The purpose of the present invention is to provide a method for preparing wafer-level single-layer molybdenum disulfide film. The method adopts chemical vapor deposition technology to uniformly deposit a single-layer molybdenum disulfide film on the surface of a substrate by providing a molybdenum source "face-to-face". The film has a large area and good uniformity and can be applied to electronic devices.

The invention provides a method for preparing a wafer-level single-layer molybdenum disulfide film, the method comprising:

The sulfur powder is placed on the upstream of the gas path, the substrate and the molybdenum source carrier are placed face to face on the downstream of the gas path, and chemical vapor deposition is performed, and the wafer-level single-layer molybdenum disulfide thin film is obtained after deposition.

In the above method, the molybdenum source contains a molybdenum-containing compound;

The molybdenum-containing compound is specifically selected from at least one of ammonium molybdate, sodium molybdate and phosphomolybdic acid;

The molybdenum source is specifically a mixed solution obtained by dissolving molybdenum-containing compounds and sodium chloride in water and ammonia; in the mixed solution, the mass ratio of the molybdenum compound to sodium chloride is 0.6g:0.24g-0.3g:0.12 g;

The dosage ratio of the molybdenum compound to water and ammonia is 0.3g: 0.5ml: 0.5ml-0.6g:: 1ml: 1ml;

The mass ratio of the molybdenum-containing compound to the sulfur powder is 0.6g:0.6g-1g.

In the molybdenum source carrier, the carrier is a silica gel plate or an alumina plate.

The preparation of the molybdenum source carrier includes: placing the molybdenum source on the carrier.
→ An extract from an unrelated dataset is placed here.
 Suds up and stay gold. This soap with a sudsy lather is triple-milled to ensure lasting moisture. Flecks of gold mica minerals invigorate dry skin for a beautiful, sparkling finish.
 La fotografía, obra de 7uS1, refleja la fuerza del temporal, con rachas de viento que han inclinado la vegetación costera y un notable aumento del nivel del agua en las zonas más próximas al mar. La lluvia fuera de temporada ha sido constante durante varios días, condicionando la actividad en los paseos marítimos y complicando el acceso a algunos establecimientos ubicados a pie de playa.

Specifically, the molybdenum source can be placed on the carrier by dropping. The dropping rate is not particularly limited.
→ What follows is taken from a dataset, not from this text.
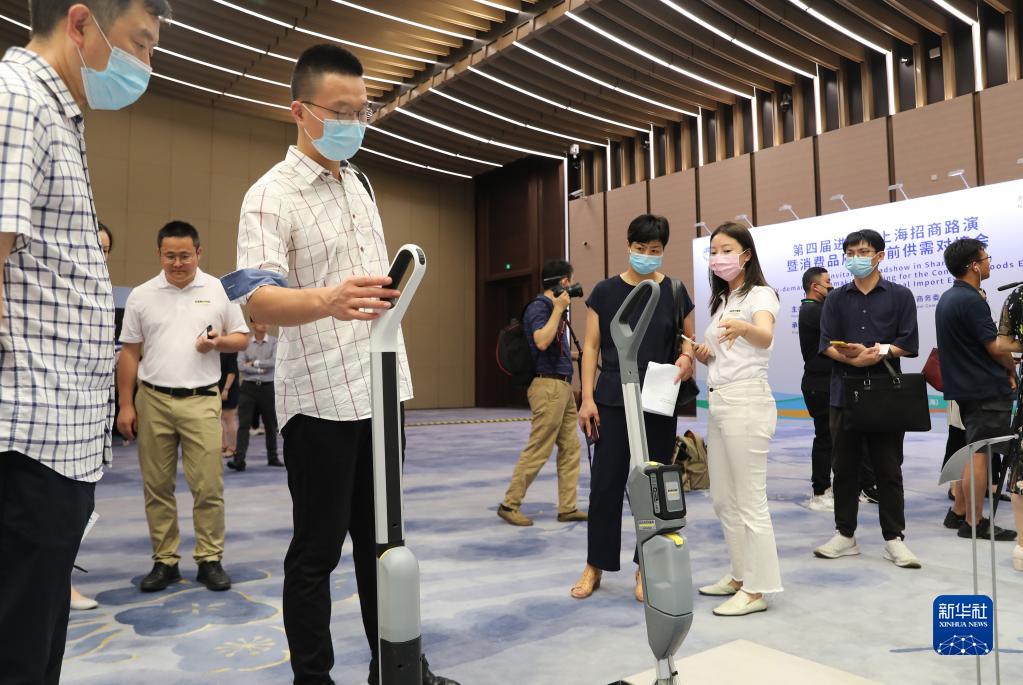 第四屆進(jìn)博會上海招商路演暨消費(fèi)品展區(qū)展前供需對接會在國家會展中心(上海)舉行,一家德國企業(yè)在對接會現(xiàn)場展出的清潔產(chǎn)品吸引參會嘉賓觀看(7月15日攝)。新華社記者 方喆 攝

In the chemical vapor deposition step, the area where the sulfur powder is located is a low temperature area; the temperature in the low temperature area is specifically 240-260°C;

The region where the substrate and the molybdenum source carrier are located is a high temperature zone; the temperature in the high temperature zone is specifically 600-700°C; specifically 650-680°C.
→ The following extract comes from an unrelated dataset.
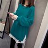 Kevad-sügis triibuline võlts Kaheosalised T-särgid Naiste Ebaregulaarne ülaosa pikkade varrukatega Korea lahtine keskpikk T-särk
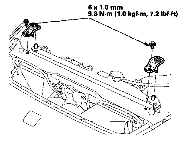 3. Remove the bolts, then remove the upper mount brackets from the radiator.

The chemical vapor deposition includes:

1) The low temperature zone keeps room temperature constant, and the high temperature zone heats up from room temperature to 120° C. over 5 minutes, and then keeps;

2) The low temperature zone is heated to 240-260°C in 22 minutes; the high temperature zone is heated to 480°C in 12 minutes, and then heated to 650-680°C in 10 minutes;

3) The low temperature zone is kept at a constant temperature of 240-260°C for 15min or 16min, and the high temperature zone is kept at a constant temperature of 650-680°C for 12-20min or 15min or 16min, and the temperature is naturally lowered.

The carrier gas used in the chemical vapor deposition is argon;

The flow rate of the carrier is 90-120 sccm; specifically, 90-100 sccm.

The substrate is a sapphire substrate.

The distance between the substrate and the molybdenum source carrier is 5-7mm; specifically, 5mm.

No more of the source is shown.